* _The problem_:
Pick out all lines of the entries that include the word "people" and copy them.

* _Dataset excerpts_:
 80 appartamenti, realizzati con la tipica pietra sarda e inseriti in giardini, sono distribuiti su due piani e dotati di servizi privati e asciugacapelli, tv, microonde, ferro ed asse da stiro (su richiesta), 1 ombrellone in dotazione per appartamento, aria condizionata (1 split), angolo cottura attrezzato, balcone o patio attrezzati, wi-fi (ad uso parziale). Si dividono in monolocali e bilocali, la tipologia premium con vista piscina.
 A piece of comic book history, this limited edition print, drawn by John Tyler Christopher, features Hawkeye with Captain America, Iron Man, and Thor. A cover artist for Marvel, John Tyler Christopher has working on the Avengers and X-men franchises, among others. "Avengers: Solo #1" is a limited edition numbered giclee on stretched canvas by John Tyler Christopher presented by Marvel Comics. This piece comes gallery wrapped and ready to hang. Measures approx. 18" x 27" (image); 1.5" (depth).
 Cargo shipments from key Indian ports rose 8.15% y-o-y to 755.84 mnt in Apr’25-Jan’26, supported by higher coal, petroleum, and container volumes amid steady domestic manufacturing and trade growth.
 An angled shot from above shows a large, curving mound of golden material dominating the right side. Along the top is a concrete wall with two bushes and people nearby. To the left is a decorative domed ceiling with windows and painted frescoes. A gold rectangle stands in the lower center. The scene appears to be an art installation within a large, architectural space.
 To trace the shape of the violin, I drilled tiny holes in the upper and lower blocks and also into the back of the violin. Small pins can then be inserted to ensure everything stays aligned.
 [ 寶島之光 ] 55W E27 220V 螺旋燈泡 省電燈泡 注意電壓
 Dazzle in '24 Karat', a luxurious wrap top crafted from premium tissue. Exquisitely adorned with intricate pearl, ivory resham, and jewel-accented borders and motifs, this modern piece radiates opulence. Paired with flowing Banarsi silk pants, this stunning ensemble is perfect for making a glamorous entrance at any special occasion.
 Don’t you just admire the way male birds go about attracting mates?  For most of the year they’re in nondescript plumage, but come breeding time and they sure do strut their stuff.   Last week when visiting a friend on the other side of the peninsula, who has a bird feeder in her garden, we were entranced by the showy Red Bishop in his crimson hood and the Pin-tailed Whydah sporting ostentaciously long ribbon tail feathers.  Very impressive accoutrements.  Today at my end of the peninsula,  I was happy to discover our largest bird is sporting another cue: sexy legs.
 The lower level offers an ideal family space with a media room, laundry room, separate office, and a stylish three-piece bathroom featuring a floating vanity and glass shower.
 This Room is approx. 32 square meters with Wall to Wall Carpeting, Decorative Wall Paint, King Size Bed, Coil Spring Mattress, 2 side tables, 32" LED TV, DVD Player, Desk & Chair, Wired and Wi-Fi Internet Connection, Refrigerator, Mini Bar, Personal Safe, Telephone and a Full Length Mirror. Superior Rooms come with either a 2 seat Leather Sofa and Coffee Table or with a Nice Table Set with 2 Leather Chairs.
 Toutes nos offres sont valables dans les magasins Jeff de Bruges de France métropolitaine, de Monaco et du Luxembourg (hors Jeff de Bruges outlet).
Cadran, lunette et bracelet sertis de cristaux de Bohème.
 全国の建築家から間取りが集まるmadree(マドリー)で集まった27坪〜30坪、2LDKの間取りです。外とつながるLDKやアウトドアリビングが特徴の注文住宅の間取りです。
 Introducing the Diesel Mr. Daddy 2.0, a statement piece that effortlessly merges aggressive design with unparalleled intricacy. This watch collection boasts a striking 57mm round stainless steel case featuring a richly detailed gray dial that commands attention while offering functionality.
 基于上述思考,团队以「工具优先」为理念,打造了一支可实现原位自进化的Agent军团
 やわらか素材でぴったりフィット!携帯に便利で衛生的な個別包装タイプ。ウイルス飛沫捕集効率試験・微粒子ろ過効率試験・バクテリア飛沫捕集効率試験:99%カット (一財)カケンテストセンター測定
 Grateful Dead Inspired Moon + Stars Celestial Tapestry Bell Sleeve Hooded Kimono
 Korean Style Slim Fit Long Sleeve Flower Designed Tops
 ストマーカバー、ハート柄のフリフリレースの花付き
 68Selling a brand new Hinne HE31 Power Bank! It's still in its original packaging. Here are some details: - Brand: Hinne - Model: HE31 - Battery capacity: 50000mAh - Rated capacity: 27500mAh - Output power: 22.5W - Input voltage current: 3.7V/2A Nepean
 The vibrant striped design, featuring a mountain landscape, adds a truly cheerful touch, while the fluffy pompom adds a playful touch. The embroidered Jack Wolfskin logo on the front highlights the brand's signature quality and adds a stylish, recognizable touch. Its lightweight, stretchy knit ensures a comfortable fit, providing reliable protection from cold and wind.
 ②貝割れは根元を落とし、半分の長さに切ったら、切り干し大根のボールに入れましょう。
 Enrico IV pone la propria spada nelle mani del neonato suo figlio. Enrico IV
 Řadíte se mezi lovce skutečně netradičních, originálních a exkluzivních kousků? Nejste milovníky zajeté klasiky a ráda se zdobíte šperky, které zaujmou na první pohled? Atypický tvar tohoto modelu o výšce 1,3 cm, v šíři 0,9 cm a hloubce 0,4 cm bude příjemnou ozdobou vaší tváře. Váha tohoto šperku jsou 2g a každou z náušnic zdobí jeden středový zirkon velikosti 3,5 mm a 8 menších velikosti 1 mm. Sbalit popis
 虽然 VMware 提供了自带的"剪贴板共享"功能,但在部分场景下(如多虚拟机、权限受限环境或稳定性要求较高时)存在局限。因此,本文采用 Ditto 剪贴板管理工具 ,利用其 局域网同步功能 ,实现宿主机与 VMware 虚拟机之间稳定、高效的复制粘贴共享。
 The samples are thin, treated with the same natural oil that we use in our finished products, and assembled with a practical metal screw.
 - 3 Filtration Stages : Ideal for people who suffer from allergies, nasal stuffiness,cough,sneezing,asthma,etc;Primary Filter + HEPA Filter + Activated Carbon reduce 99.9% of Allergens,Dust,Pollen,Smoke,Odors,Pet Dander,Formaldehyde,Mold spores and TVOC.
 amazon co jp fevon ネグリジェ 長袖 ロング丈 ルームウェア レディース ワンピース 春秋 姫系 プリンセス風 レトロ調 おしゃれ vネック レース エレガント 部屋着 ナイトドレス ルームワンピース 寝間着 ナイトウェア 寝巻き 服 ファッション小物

* _Expected answer_:
 An angled shot from above shows a large, curving mound of golden material dominating the right side. Along the top is a concrete wall with two bushes and people nearby. To the left is a decorative domed ceiling with windows and painted frescoes. A gold rectangle stands in the lower center. The scene appears to be an art installation within a large, architectural space.
 - 3 Filtration Stages : Ideal for people who suffer from allergies, nasal stuffiness,cough,sneezing,asthma,etc;Primary Filter + HEPA Filter + Activated Carbon reduce 99.9% of Allergens,Dust,Pollen,Smoke,Odors,Pet Dander,Formaldehyde,Mold spores and TVOC.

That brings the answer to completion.